Entry inhibition assays using TMPRSS2 inhibitor Camostat mesylate prevented SARS-CoV-2 infection of lung AT2 cells, highlighting the role of serine proteases in the viral entry in lung cells. Similar assays with CA-074 Me, a Cathepsin B and L inhibitor, blocked viral entry into cardiac cells.

Aborted SARS-CoV-2 infection in knockout ACE2 lung and heart cells demonstrated that ACE2 receptors were essential for viral infection. However, using a combination of anti-ACE2 antibodies blocked SARS-CoV-2 infection in lung and heart tissue, but low doses of anti-ACE2 antibodies prevented viral infection only in cardiac cells. These results, combined with ribonucleic acid (RNA) sequencing and quantitative polymerase chain reaction (qPCR) analyses, showed that lung AT2 cells had a higher expression of ACE2 receptors than cardiac cells.

Furthermore, the viral infection resulted in a strong interferon response in cardiac cells but not lung AT2 cells. The results from the phosphoproteomics analysis also showed that the infection activated different pathways in lung AT2 and cardiac cells.

Conclusions

Overall, the results revealed significant differences in the mechanism of SARS-CoV-2 infection in cardiac and pulmonary cells and tissue.
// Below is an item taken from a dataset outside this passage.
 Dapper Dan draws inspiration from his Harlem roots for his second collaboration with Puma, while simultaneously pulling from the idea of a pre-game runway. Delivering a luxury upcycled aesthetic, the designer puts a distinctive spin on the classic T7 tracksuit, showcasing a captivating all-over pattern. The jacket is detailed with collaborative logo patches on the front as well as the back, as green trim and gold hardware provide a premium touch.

While viral entry begins in both cells with ACE2 receptor binding, subsequent pathways of viral infection differ considerably with the spike protein undergoing serine protease cleavage in lung AT2 cells and endosomal cathepsin cleavage in cardiac cells.
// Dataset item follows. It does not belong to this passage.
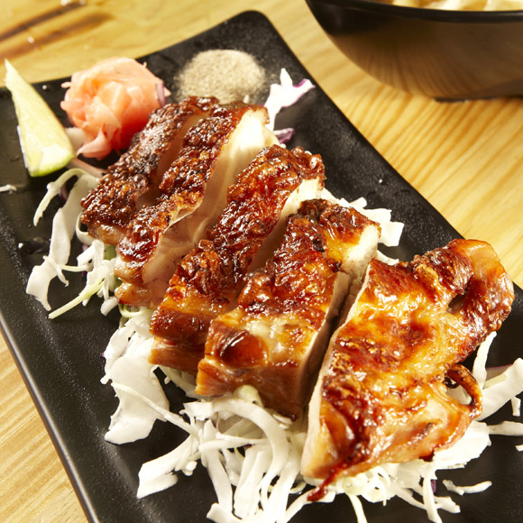 「塩燒醬烤雞腿」肉品現場現醃,直接將鮮嫩的雞腿肉烤至七分熟,外皮金黃酥脆、內而肉質軟嫩,店家特別訂製的蒸烤箱,用高超的烹調的技術,鎖住食材最珍貴的本味,沾上些許胡椒提鮮,一口咬下,在大啖肉品之時,享受原汁原味的暢快。

The authors believe that the differential spike protein cleavage and the variance in ACE2 receptor expression in both these cells indicate the need for improved antiviral therapy and the inclusion of combinations of drugs to target both endosomal and membrane protease pathways of viral entry. They suggest using drugs that target serine/arginine-rich splicing factor protein kinase-1 (SRPK1) and cyclin-dependent kinases (CDK).
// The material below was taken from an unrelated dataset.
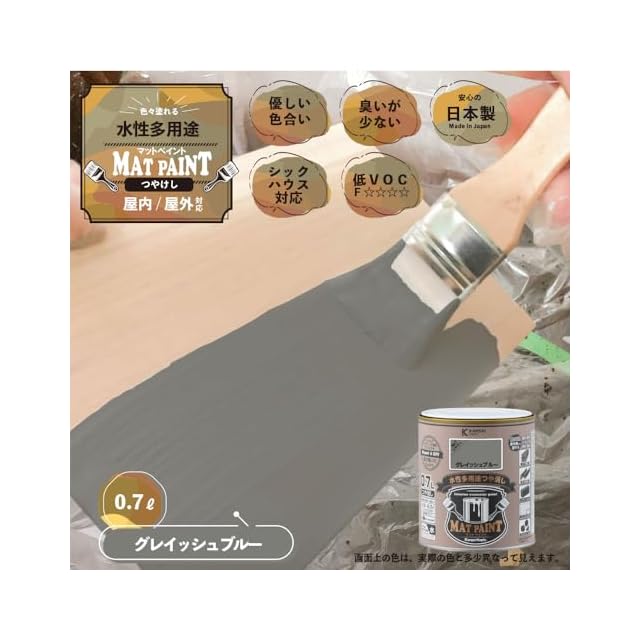 【特長】■[落ち着いたツヤ消し仕上がり]優しい色合いのつや消しタイプ。 落ち着いたツヤがガーデニングの花や植栽、他のインテリアの色調にマッチします。 ■[屋外・屋内 幅広く使用できます]屋内外の木部・鉄部・コンクリート・プラスチックから、かべ紙まで幅広い用途に使用できます。 ■[防カビ剤配合]長期間カビの発生を防ぎます。 ■[塗りやすい塗料]臭いが少なく、乾燥が速く、塗りやすい水性塗料です。

The study also highlighted the importance of using stem-cell-derived cell models other than immortalized cell lines like Vero cells to test the antiviral efficacy and cytotoxicity of COVID-19 therapies.

*Important notice

bioRxiv publishes preliminary scientific reports that are not peer-reviewed and, therefore, should not be regarded as conclusive, guide clinical practice/health-related behavior, or treated as established information.